Unfortunately the processor was severely corroded, and when it touched its legs, it ended up breaking.
I think I found a somewhat workable solution: I have an old ibook g3 500mhz dual usb that suffered an accident, and the only good thing left on it was its motherboard. I will adapt it to the case of the performa by adding 7 USB ports. It's not perfect, but at least it will keep close to the time and run what I wanted to run on it.
Problems and solutions:
CD drive: I don't want to use a laptop so I'll use an IDE/USB caddy to use a desktop dvd drive.
USB: It only has 2 ports, but I will use one of them for a USB HUB with external power.
Power supply: I will acquire a 24v 1.9a that will be inside the case.
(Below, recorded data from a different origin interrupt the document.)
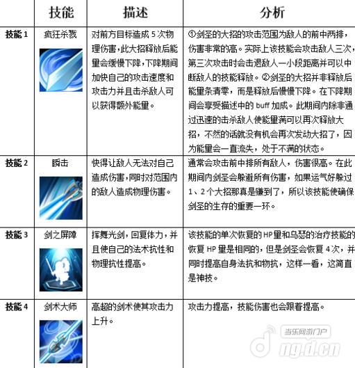 不需要太多描述,他就是最强物理输出。除此外,剑圣的大招最后一击有打断敌人释放的效果,2技能瞬击也可以有一小段无敌时间,3技能自身回血的恢复效果非常好,而且恢复后提高物抗和法抗,所以原力剑圣真的很强。如果说弱点的话应该就是他站位靠前,但却没有一般坦克的高抗性,并且大招释放后能量不断的下降比较难释放出第二次大招,同样想要获得原力剑圣是非常难得,不是有钱就可以,因为他只在特定活动中出现。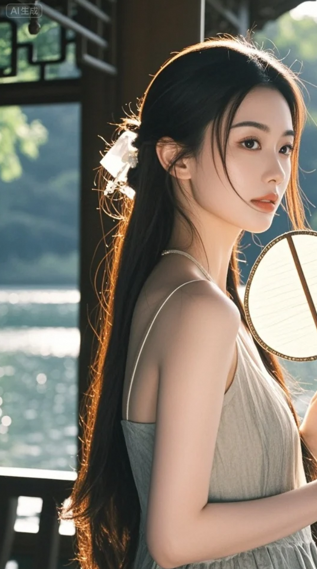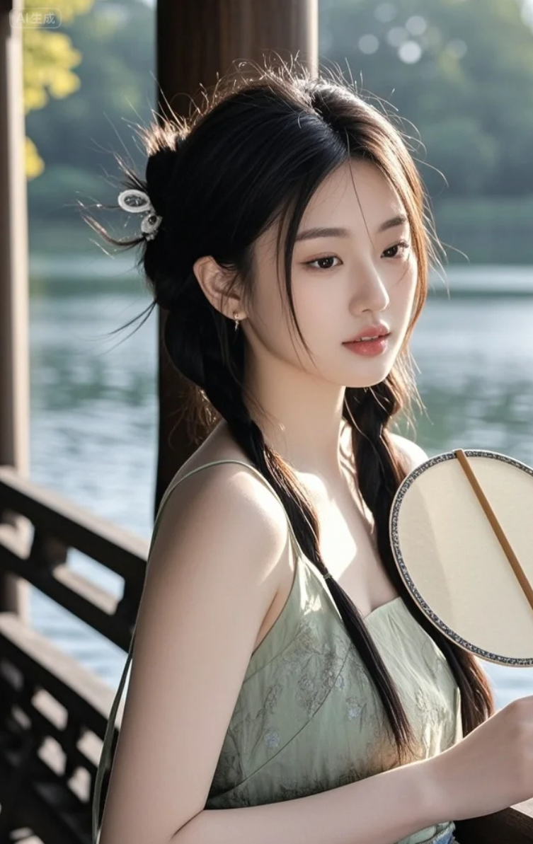 她不说话,只轻轻一扇,便搅动了整片湖光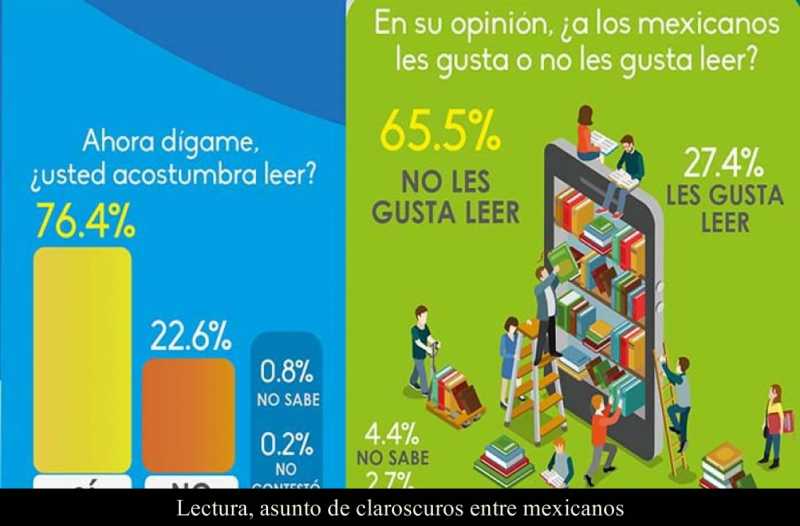 Estos datos contrapunteados surgen de una encuesta sobre los hábitos de lectura del mexicano, realizada por Gabinete de Comunicación Estratégica (GCE) y que revela que 27.1% de la gente achaca su lejanía de los libros a que no le inculcaron la lectura en la infancia.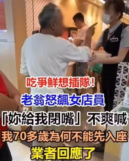 吃爭鮮想插隊!老翁怒女飆店員「你給我閉嘴」不爽喊「我70多歲為何不能先入座」業者回應了!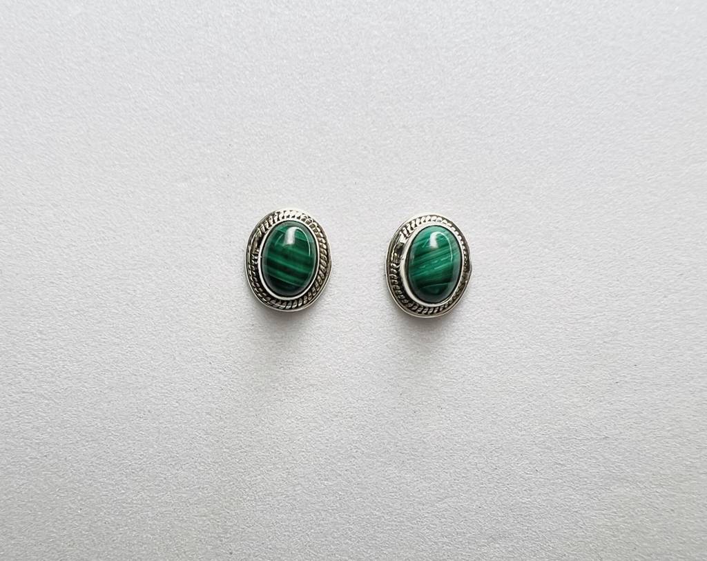 925 Sterling Silver Oval Shape Malachite Stud Earrings : ARSSE739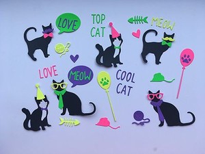 Cat Die Cut Shapes - Cardmaking, Scrapbooking, Assorted Colours (set of 16)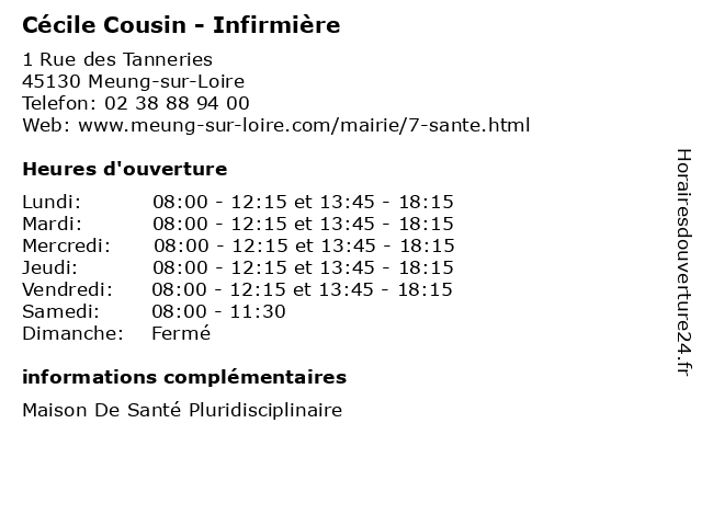 | Lundi | 08:00-12:15 et 13:45-18:15 |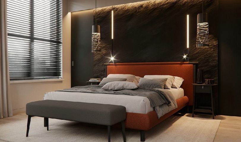 主臥套間氣質(zhì)簡約,細(xì)節(jié)卻十分考究。整體黑白灰為主色調(diào),簡潔的透光窗與主衛(wèi)形成互動關(guān)系也增加了空間延展及通透性;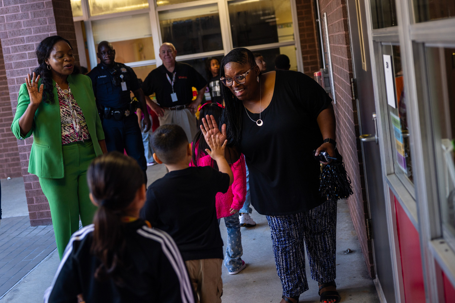 She commands every space she enters, and not just because her outfit for the occasion is a striking jade green pantsuit. Children gleefully high-five the seventh-year superintendent as she strides through the halls. Teachers stop in their tracks to greet her, bouncing in excitement as they embrace. Her jokes, told through a beaming smile, send ripples of laughter through classrooms.

It will also power the USB hub.
HDD: I will keep the IDE 2.5" HDD, I will just use a 120GB one, perfect for maintaining compatibility with OS9
Cooling: I will use chipset heatsinks under the chips, and the original performa cooler will do the trick.
Volume, led, and power buttons: Everything figured out.
Loudspeaker: It doesn't take a long time to know how to connect it where the lappy's loudspeaker was connected.
Monitor: The ibook originally doesn't do desktop expansion, just mirroring, so I'll have the boot screen on the VGA connector. The problem is that mirroring "splits" the vram in half for each monitor. But I learned a trick via openfirmware that disables the internal screen, releasing all the vram for the VGA.
Floppy drive (auto eject): I still don't know what to do with it.